The above-described embodiments are intended to illustrate rather than to limit the invention, and any modifications and variations of the present invention are within the spirit of the invention and the scope of the appended claims.

Claims

1. A built-in automatic adjusting arm with a structure capable of returning to zero is characterized by comprising an adjusting arm body assembly (1), a sensor assembly (2), a mandrel assembly (3), a return spring (6), a pinion (7) and a bull gear (8);

the adjusting arm body assembly (1) comprises an automatic clearance adjusting mechanism (15) and a turbine (16); the turbine (16) is connected with a large gear (8), and the large gear (8) is meshed with the small gear (7); the automatic gap adjusting mechanism (15) is provided with a 0-position reticle;

the mandrel component (3) comprises magnetic steel (13) and a mandrel (14); the magnetic steel (13) is fixedly connected to the mandrel (14); the mandrel (14) is meshed with the pinion (7) for connection and transmission; the tail part of the mandrel (14) is provided with an arrow mark corresponding to a 0-position scribed line of the automatic gap adjusting mechanism (15); the turbine (16) rotates to drive the mandrel (14) to rotate, and magnetic field change is generated;

the return spring (6) is sleeved on the excircle of the mandrel, the upper end of the return spring is contacted with the step surface in the mandrel, and the lower end of the return spring is contacted with the bottom end surface of the step hole in the automatic clearance adjusting mechanism (15); when the mandrel (14) is pulled down and is disengaged from the pinion (7) and is not meshed with the pinion (7), the return spring (6) is compressed, and when the mandrel (14) is reset, the return spring (6) rebounds to reset the mandrel (14) to be meshed with the pinion (7);

the sensor assembly (2) is arranged on the automatic gap adjusting mechanism (15) and comprises a circuit board (10) with a planar Hall chip and a wiring harness (12); when a circuit board (10) with a planar Hall chip senses the change of a magnetic field, a voltage signal is transmitted to an ECU of the whole vehicle through a wiring harness (12); and the ECU judges the wear condition of the friction plate according to the voltage signal value to give an alarm.

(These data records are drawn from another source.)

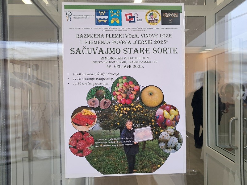 Danas tijekom cijelog dana u prostoru Hrvatskog doma u Cerniku i u šatoru ispred Doma odvijati će se razmjena plemki voća,vinove loze i sjemenja povrća „In memoriam Vjeko Hudolin”.
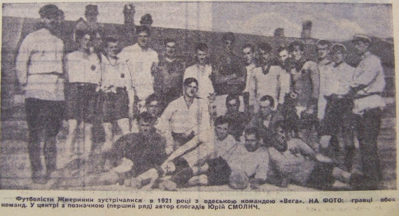 Летом 1921 футбольная команда из Жмеринки поехала в Одессу на ответный матч с местной командой "Вега". В Жмеринке победили гости - 1: 2.
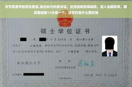 派出所办的身份证,说是快递到镇邮政要收取15元钱一个;交的邮政快递费::
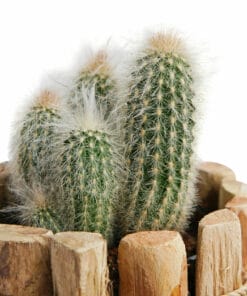 De Pseudoepostoa Melanostele is een aantrekkelijke lange, zuilvormige cactus, geleverd in een prachtige, unieke houten pot van Driftwood. Op de groene stam zitten stevige witte stekels. Zoals je op de foto ziet groeit deze cactus vaak uit meerdere stammen, of hij vertakt zichzelf. De grijze beharing bovenop geeft de cactus een uniek uiterlijk. De dichtheid van de stekels neemt toe als de cactus ouder wordt.
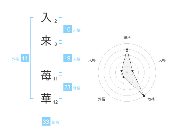 入来 苺華さんの総格は33画の4点!

In the process of detaching the adjusting arm body assembly (1) during the replacement of the friction plate, the pull-down mandrel assembly (3) overcomes the elastic force of the return spring (6), so that the mandrel (14) is rotated after the mandrel (14) is disengaged from the pinion (7), an arrow at the tail part of the mandrel (14) is opposite to a 0-position marking line on the automatic clearance adjusting mechanism (15), and the manual zero returning function is completed.

2. The built-in wear sensor automatic adjusting arm with the zero-returning structure is characterized in that the sensor assembly (2) further comprises a sensor cover plate (9) and a sensor shell (11); the wiring harness (12) penetrates into a round hole of the sensor shell (11) and is connected to the circuit board (10), the circuit board (10) is installed on a positioning column of the sensor shell (11) through two positioning holes and fixed, the wiring harness in the circuit board and the sensor is encapsulated by using potting adhesive, the sensor cover plate (9) is covered, and the periphery of the top surface of the sensor cover plate (9) is encapsulated and waterproof by using the potting adhesive from the bevel edge.

3. The built-in wear sensor automatic adjusting arm with the zero-returning structure is characterized in that the top surface of the sensor component (2) is flush with the automatic clearance adjusting mechanism (15).

4. The built-in automatic wear sensor adjusting arm with the structure capable of returning to zero position as claimed in claim 1, characterized in that the position of the Hall chip on the circuit board (10) is coaxial with the mandrel (14).

5. The built-in automatic adjusting arm with the structure capable of returning to zero position as claimed in claim 1, characterized in that the sensor assembly (2) and the mandrel assembly (3) are arranged on the adjusting arm body assembly (1) and press-fitted with the oil seal (4) and blocked by the protective cover (5).